--- THE TASK ---
With the pictures removed, set down all of the entries below exactly.

--- AVAILABLE DATA ---
"""
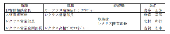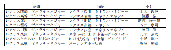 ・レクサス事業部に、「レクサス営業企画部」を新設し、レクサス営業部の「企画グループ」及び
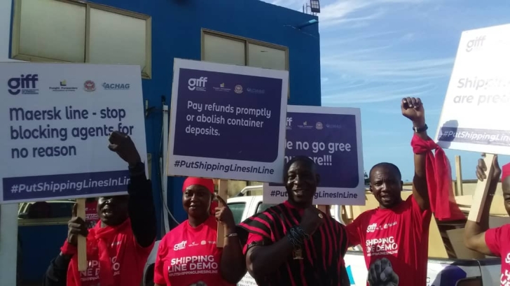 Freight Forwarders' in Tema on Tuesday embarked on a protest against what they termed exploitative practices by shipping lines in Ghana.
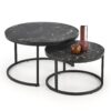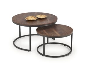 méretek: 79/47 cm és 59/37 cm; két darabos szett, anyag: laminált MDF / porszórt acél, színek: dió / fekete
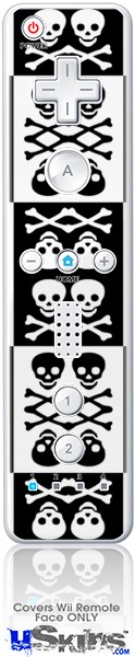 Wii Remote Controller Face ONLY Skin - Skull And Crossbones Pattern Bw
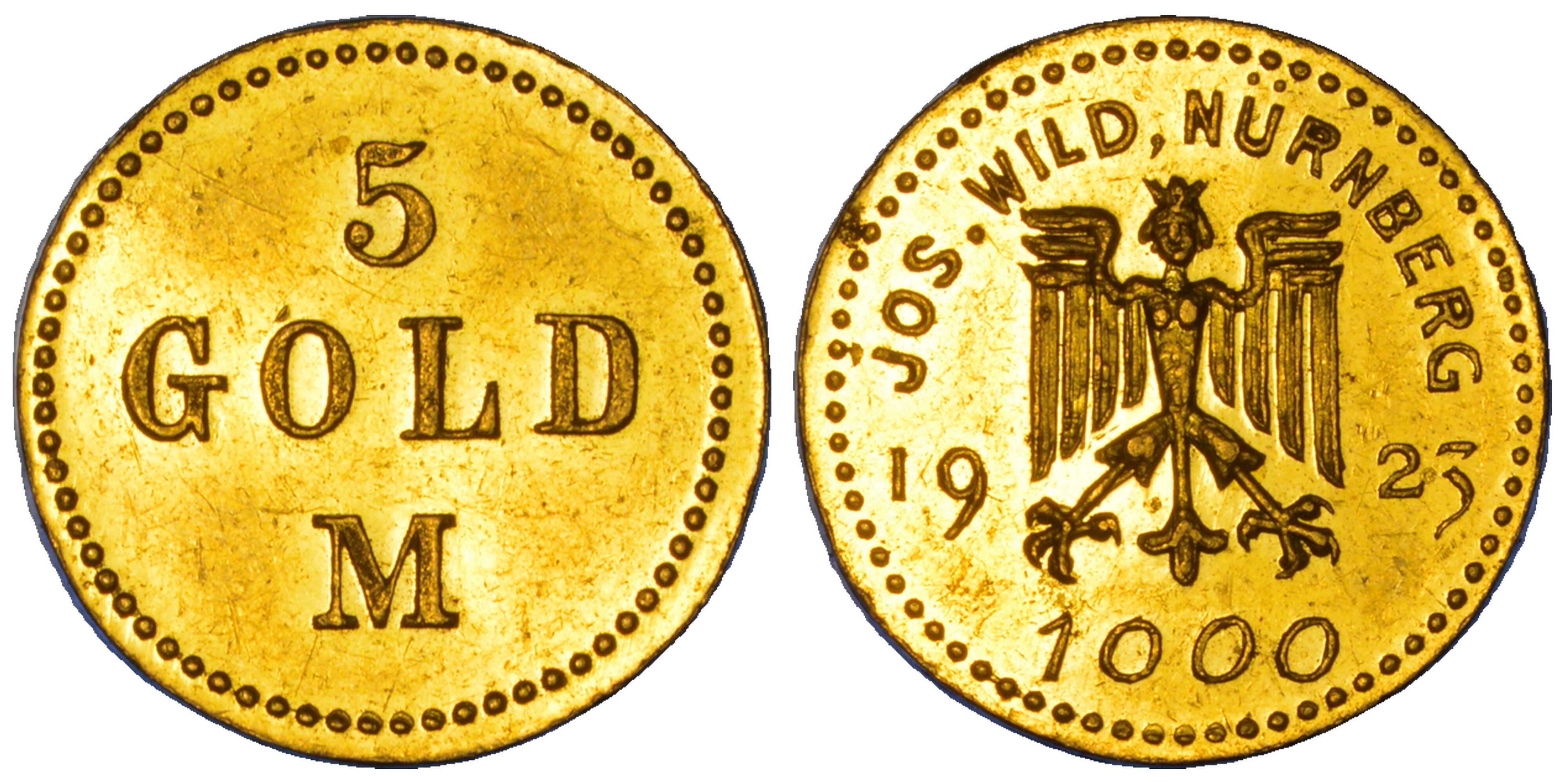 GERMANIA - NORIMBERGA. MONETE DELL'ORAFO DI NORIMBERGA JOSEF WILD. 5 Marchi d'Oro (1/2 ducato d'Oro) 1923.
"""
--- RESULT OF THIS EXERCISE ---
 ・レクサス事業部に、「レクサス営業企画部」を新設し、レクサス営業部の「企画グループ」及び
 Freight Forwarders' in Tema on Tuesday embarked on a protest against what they termed exploitative practices by shipping lines in Ghana.
 méretek: 79/47 cm és 59/37 cm; két darabos szett, anyag: laminált MDF / porszórt acél, színek: dió / fekete
 Wii Remote Controller Face ONLY Skin - Skull And Crossbones Pattern Bw
 GERMANIA - NORIMBERGA. MONETE DELL'ORAFO DI NORIMBERGA JOSEF WILD. 5 Marchi d'Oro (1/2 ducato d'Oro) 1923.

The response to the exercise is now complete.